By identifying role models across campus, EOP offered students the chance to envision career pathways that they had never considered prior to coming to San Jose State. Robert Rigsby says that without EOP he would not have become a presidentially appointed judge of Washington D.C., making history as the first sitting judge from D.C. and the first military judge in the Army to deploy full time to an active theater of war. Rigsby is a frequent guest speaker in EOP’s I Can, I Will program, which provides guidance and support for African-American and Latino men.

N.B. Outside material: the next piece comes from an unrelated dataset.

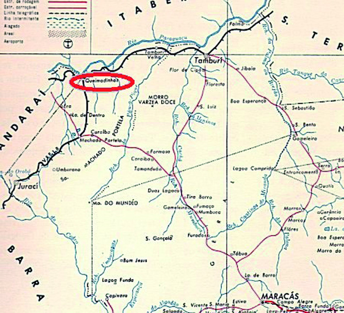 Queimadinhas was a train station of the E.F. Central da Bahia, installed on January 11, 1885 at the right bank of the Paraguaçu River. The post office of this station must have come soon after, for shortly later it was mentioned in the Bahia press:

“Growing up in an inner city, they don’t tell you that you can go to law school,” says Rigsby, ’83 Criminal Justice Administration. “I had no intention of ever being a lawyer until I got into EOP. I didn’t know any judges or lawyers of color in Vallejo, but at San Jose State everybody said ‘you can do anything.’ Does EOP changes lives? Absolutely. Did it change my life? Absolutely.”
Despite evidence that EOP was making a measurable impact on students’ lives, throughout the 1990s and 2000s the program was vulnerable to changes in federal and state funding. This meant that EOP student services were severely limited or cut. It wasn’t until 2008, when San Jose State faculty and staff members established a task force to restore the program, identifying needs for new staff, space, an increased budget and an institutionalized EOP council, that the program began to revive. By the time Debra Griffith, ’04 MA Education, was appointed EOP director in 2010, she was determined to rebuild the program and establish a sustainable strategy for supporting and retaining students.
The Future of EOP
Griffith strategized ways to create a space where students could connect with mentors, attend mandatory study skills workshops, meet with tutors and network with a community of peers. Throughout her eight years at the helm, EOP grew to 3,000 freshman and transfer students.
“I look toward the fight and struggle for equality of education,” says Griffith. “That’s what drives me. Our students deserve the best. They deserve not to feel less-than. I had to build a community, get students engaged and committed to their own success. I think the future is elevating everything we’ve done to the next level.”
Griffith has left EOP in the capable hands of her successor, Interim Director Teresa de la Cruz. She is confident that EOP is well-positioned to expand in the coming years. She need look no further than Cortes, who believes in improving access to higher education.
“In political science, we study power,” Cortes says. “People in power decide who gets what, where and how. In society sometimes decision-makers in power have to choose who the winners are and who the losers are in a given situation. A lot of people like myself—first-generation, low-income students—can end up on the losing side of things. EOP programs are very important because they can help even out the playing field. Working for the program really helped me grow and learn a lot about myself. It was very impactful on my college career and my life.”
As her shirt states, she was and will always remain EOP.